Considering the three different criteria’s the project is given a go-ahead as follows:
- The payback period of the project which is currently 1.67 years is much lower than the projects life period and thus the project would be expected not to face an cash flow recovery issue.
- The NPV of the project is positive at $966,078 and the same would increase the market value of the company by $966,078.
- The project would also be expected to increase shareholders wealth as the projects IRR is greater than r.
- Thus all the financial evaluation method aggress on the implementability of the project and the same would improve the firms value (Damodaran, 2012).
For the estimation of the both internal and external project the following assumptions ha been used:
- The Research cost of $75,000 paid is ignored as it is not related to the project and is merely a sunk cost.
- Further the Building has been depreciated over the 10 years period ad as a result of which rate of depreciation used is 10%. (100/10).
- Equipment’s have been depreciated in 7 years after taking into consideration the scrap value of $3,500 in the tenth year.

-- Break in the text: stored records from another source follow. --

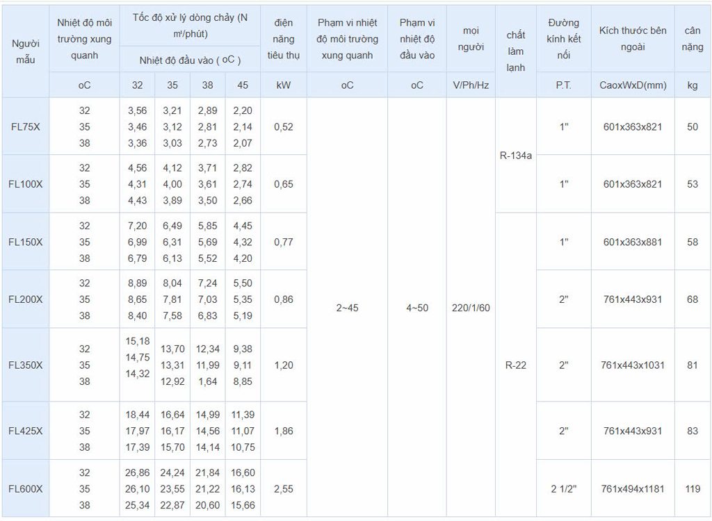 Thông số kỹ thuật máy sấy khí tác nhân lạnh Kyungwon FLEX series
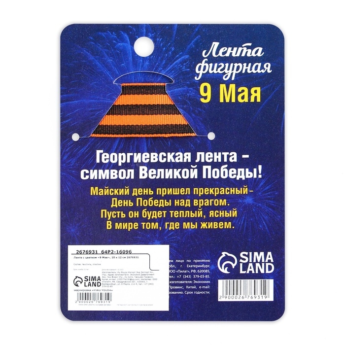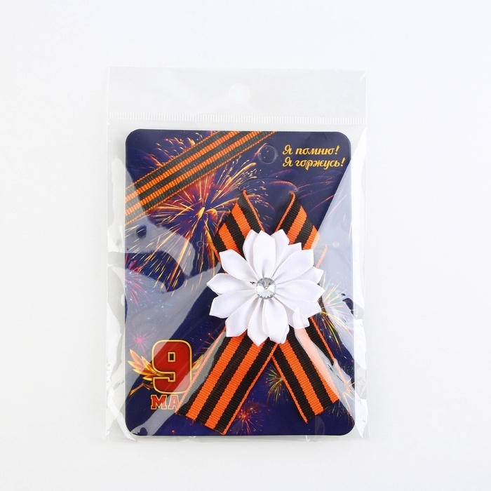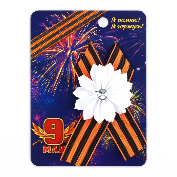 Георгиевская лента - это символ Великой Победы! Лента дополнена декоративным тканевым цветком и стразой, закрепить ее можно с помощью булавки (В КОМПЛЕКТ НЕ ВХОДИТ).
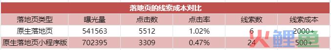 刚开始我们是用原生落地页投放,但是留下线索的用户很少,客户对于线索数据比较急迫,于是乎我们就用了小程序版。对比两种落地页的数据,原生落地页小程序版从线索数和线索成本的效果都是比原生落地页好,但是小程序版获得的线索质量没有原生落地页的高。因为如果填写了姓名且留下了电话号码,大概率是有了解这个楼盘的意愿。
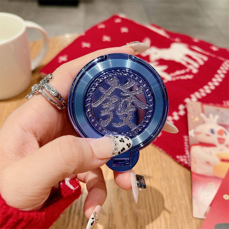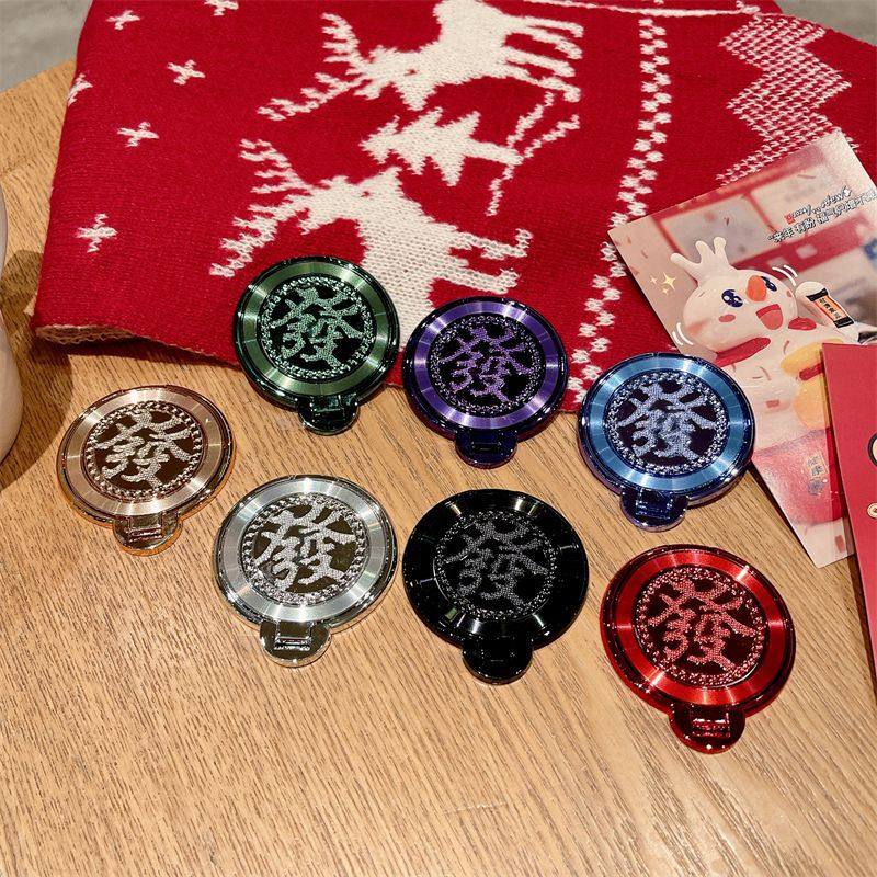 陀螺旋转通用手机支架新年款红色手机便携背贴扣创意固定坚桌面撑环立起专用稳固支架蛇年
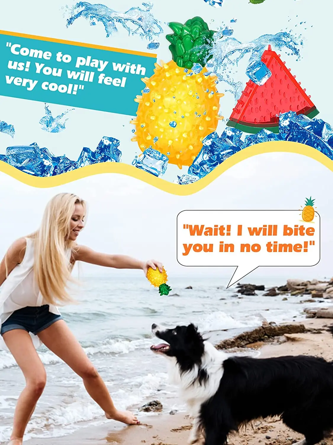 Unique design: colorful watermelon shape and pineapple shape, loud whistle implanted inside, cute and interesting, can attract dogs to play for a long time. At the same time, after an upgraded design, it can be frozen to keep your pet dog cool, and can be frozen for a long time refreshing.
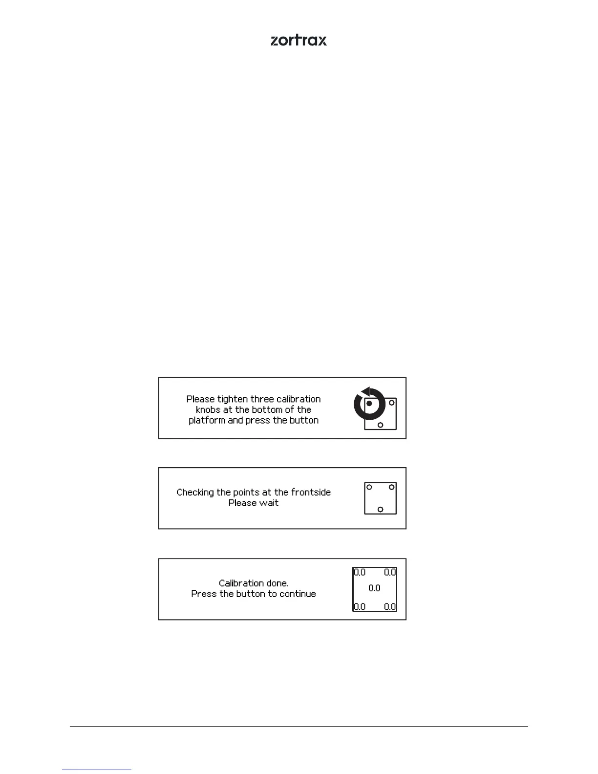 the center point of the platform. Next, the display will show a message indicating that the three cali-

- The value of the land used is not used as the land is not depreciable and after 10 ears of use the same can be sold at a higher value and hence it has no opportunity cost of being used.
2& 3. Sensitivity Report and other factors which the Firm shall consider
The current project being considered by the management of the Jones brothers marble works is quite profitable and from the above estimations it becomes clear that if the project is implemented without delay the same is expected to add quite large value to the shareholders wealth and increase market value and increase the product portfolio of the company. Form sensitivity point of view the project is quite good:
- The payback period of the firm is 1.67 years only. This means the cash invested in the project would be expected to be recovered in less than 2 years. This is particularly pleasing as the firm is taking a minimum 10 years of project life. Thus even if the cash flows are slightly revised (both downwards and upwards) there would not be a fear of not recovering the initial investment made in the project (Brearly, 2012).
- The NPV of the Project being considered in too large at $966,078 ad the same won’t be negative unless the rate of return is set higher than the 81.90% which happens to be the IRR of the project. The r of the project being only 20%, there is very less chance of the project losing significant cash flows and thus there is enough bumper for the management to work the project out and making it a profitable project (BERK & DEMARZO, 2016).
The other factors which the management of the company ( Jones brother Marbles company) shall considered is as follows:
- The primary factor (non-financial) which shall be considered b the management is that of increasing the product portfolio, reach new market without affecting the current sales of the company.
- The increasing portfolio of the company would help in the increasing employee morale and provide a higher platform to showcase their talent and reach new markets.
- The company’s management shall also consider the current legislations regarding production and future legislative changes before implementing the project. Any probable changes in the taxation rules must also be considered.
- The management of the company shall also consider the availability of trained ad skilled manpower for undertaking the new project and the existing market for new products (Atrill, 2013).
- The capital structure of the company shall be examined to ensure the debts being considered is not going to increase leverage too much and increase the company’s financial risk. The debt-equity component shall be kept under check and expected limit all the time as any probable high leverage would-be expected to increase the discounting rate.